(MATERIAL SHOWN)

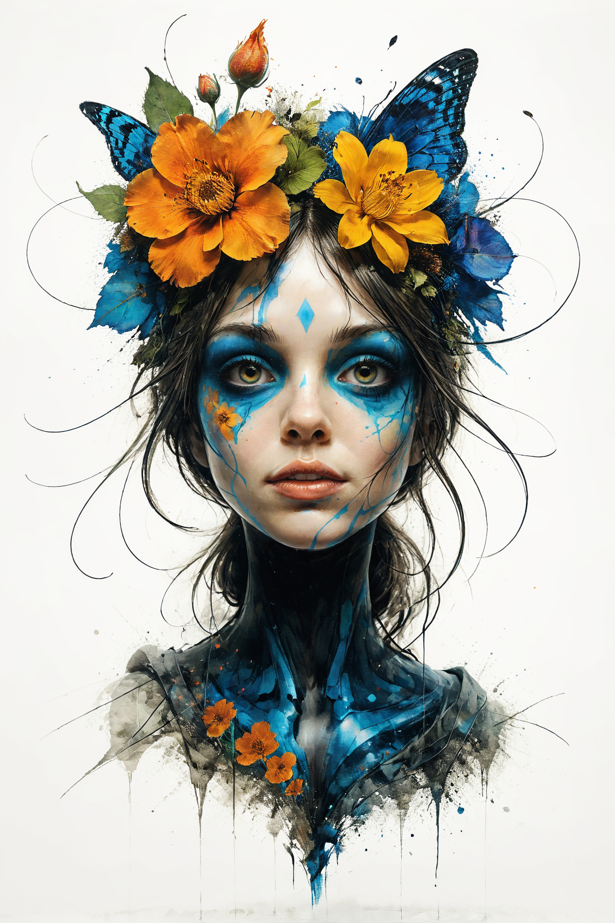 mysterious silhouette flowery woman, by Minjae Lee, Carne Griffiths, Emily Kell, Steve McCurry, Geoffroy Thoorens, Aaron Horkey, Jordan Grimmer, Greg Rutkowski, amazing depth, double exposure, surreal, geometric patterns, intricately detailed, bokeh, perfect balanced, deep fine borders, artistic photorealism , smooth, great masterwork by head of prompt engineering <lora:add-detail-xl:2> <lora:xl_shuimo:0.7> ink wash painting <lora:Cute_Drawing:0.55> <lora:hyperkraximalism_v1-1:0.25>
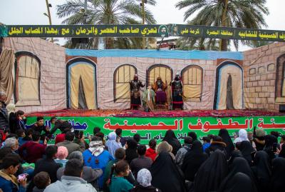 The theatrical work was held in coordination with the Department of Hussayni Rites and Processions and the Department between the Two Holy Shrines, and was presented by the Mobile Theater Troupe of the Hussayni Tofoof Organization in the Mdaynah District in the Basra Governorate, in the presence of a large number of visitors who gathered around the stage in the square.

(End MATERIAL SHOWN)
(MATERIAL SHOWN)

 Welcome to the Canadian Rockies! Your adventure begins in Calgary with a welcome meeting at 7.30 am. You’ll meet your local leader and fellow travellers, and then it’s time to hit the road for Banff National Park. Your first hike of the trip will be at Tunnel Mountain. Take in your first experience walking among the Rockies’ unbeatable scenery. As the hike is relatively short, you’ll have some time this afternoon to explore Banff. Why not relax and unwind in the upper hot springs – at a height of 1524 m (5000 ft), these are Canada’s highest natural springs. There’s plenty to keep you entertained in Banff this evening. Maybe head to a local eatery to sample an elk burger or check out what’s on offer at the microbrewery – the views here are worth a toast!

(End MATERIAL SHOWN)
(MATERIAL SHOWN)

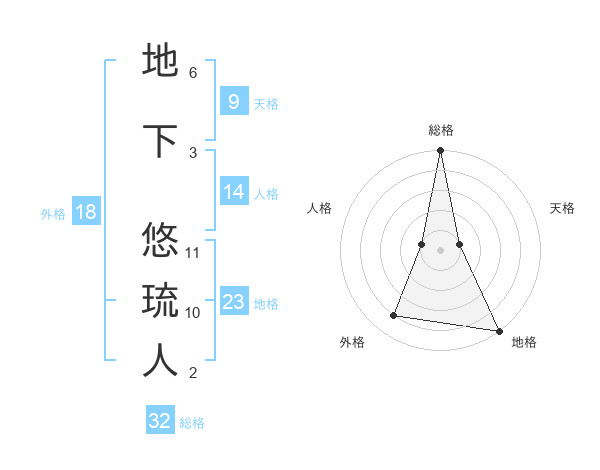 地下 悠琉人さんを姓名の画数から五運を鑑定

(End MATERIAL SHOWN)

### WHAT IS NEEDED
Everything between and including the line above containing "mysterious silhouette flowery" and the line containing "The theatrical work" should be reproduced exactly, with pictures excluded.

### ANSWER TO THIS EXERCISE
 mysterious silhouette flowery woman, by Minjae Lee, Carne Griffiths, Emily Kell, Steve McCurry, Geoffroy Thoorens, Aaron Horkey, Jordan Grimmer, Greg Rutkowski, amazing depth, double exposure, surreal, geometric patterns, intricately detailed, bokeh, perfect balanced, deep fine borders, artistic photorealism , smooth, great masterwork by head of prompt engineering <lora:add-detail-xl:2> <lora:xl_shuimo:0.7> ink wash painting <lora:Cute_Drawing:0.55> <lora:hyperkraximalism_v1-1:0.25>
 The theatrical work was held in coordination with the Department of Hussayni Rites and Processions and the Department between the Two Holy Shrines, and was presented by the Mobile Theater Troupe of the Hussayni Tofoof Organization in the Mdaynah District in the Basra Governorate, in the presence of a large number of visitors who gathered around the stage in the square.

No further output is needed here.